» **Records for this task**
----
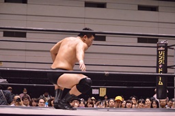 ぶちかましを狙うが入江はカウンターのスピアー(左写真)、カウント2。15分経過。
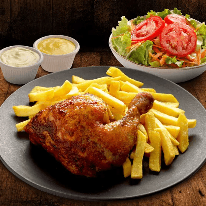 Cocinado lentamente al carbón, el pollo alcanza ese punto perfecto en el que la piel queda crujiente y dorada, mientras la carne permanece tierna, jugosa y llena de sabor. Es la porción perfecta para disfrutar una comida completa sin excesos, con todo el gusto de la brasa tradicional peruana.
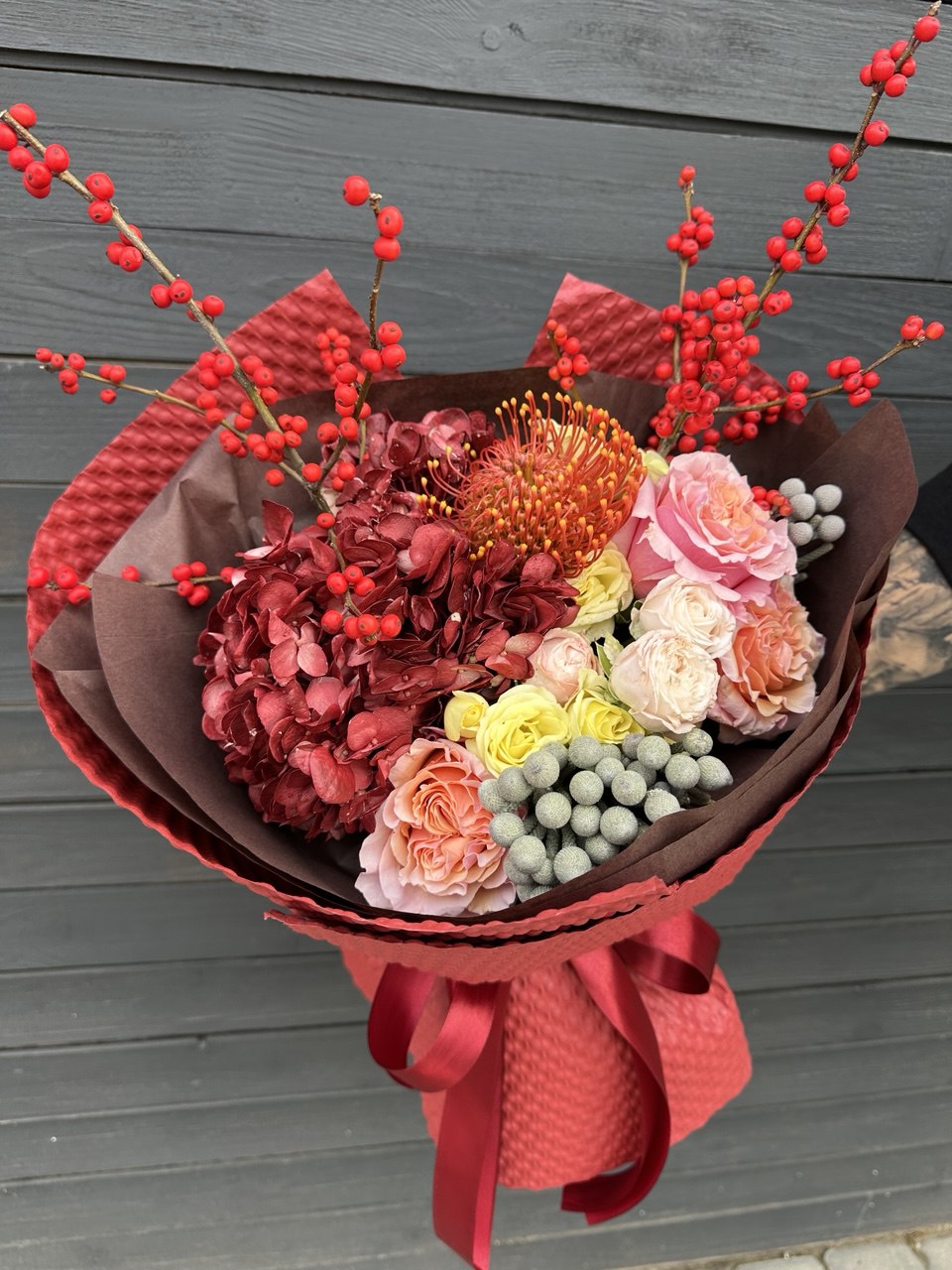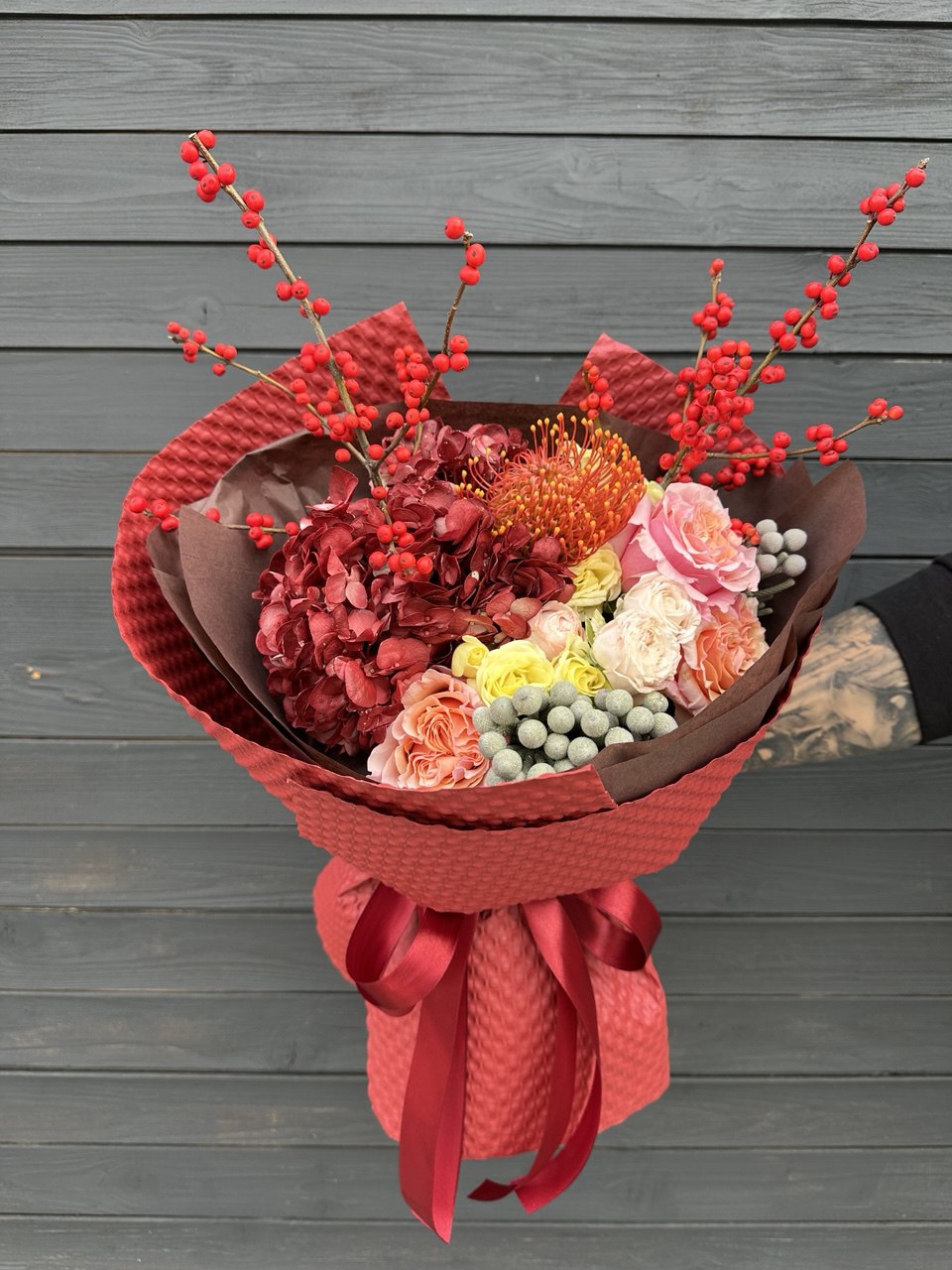 Склад букету - гортензія, кущова троянда, піоновидна троянда (по іншим позиціям, може бути заміна)
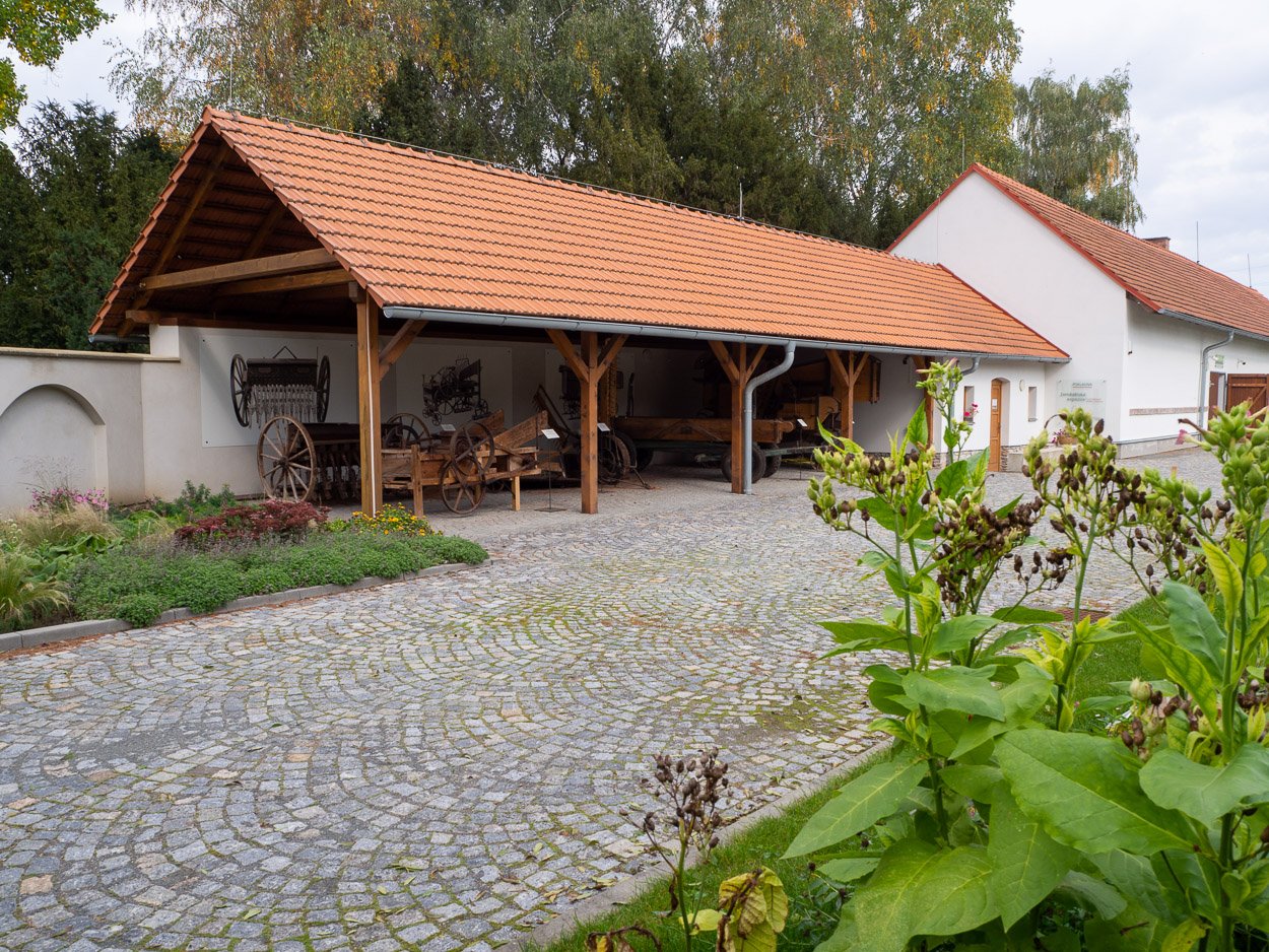 Ve venkovní kryté části najdeme nějaké ty větší zařízení (mlátička, povoz, žací stroj, secí stroj atd).
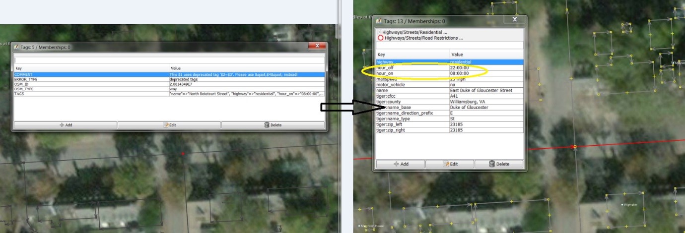 Fişierul final este încărcat în programul JOSM pentru analizarea şi editarea posibilelor erori. Un exemplu de eroare des întâlnit este "deprecated tag", filtratat atât din Keepright cât și din Osmose. "Deprecated tag" se refera la tagurile care nu mai sunt folosite și care trebuie înlocuite sau eliminate din OSM. În următoarea imagine (Fig.7) putem vedea cum arată eroarea și cum putem să o corectam. În acest caz, erorile sunt "hour-on" și "hour-off" care au fost șterse conform OSM Wikipedia.
----
» **About this task**
Each entry above should be printed exactly, and any picture in it left out.

» **Exercise solution**
 ぶちかましを狙うが入江はカウンターのスピアー(左写真)、カウント2。15分経過。
 Cocinado lentamente al carbón, el pollo alcanza ese punto perfecto en el que la piel queda crujiente y dorada, mientras la carne permanece tierna, jugosa y llena de sabor. Es la porción perfecta para disfrutar una comida completa sin excesos, con todo el gusto de la brasa tradicional peruana.
 Склад букету - гортензія, кущова троянда, піоновидна троянда (по іншим позиціям, може бути заміна)
 Ve venkovní kryté části najdeme nějaké ty větší zařízení (mlátička, povoz, žací stroj, secí stroj atd).
 Fişierul final este încărcat în programul JOSM pentru analizarea şi editarea posibilelor erori. Un exemplu de eroare des întâlnit este "deprecated tag", filtratat atât din Keepright cât și din Osmose. "Deprecated tag" se refera la tagurile care nu mai sunt folosite și care trebuie înlocuite sau eliminate din OSM. În următoarea imagine (Fig.7) putem vedea cum arată eroarea și cum putem să o corectam. În acest caz, erorile sunt "hour-on" și "hour-off" care au fost șterse conform OSM Wikipedia.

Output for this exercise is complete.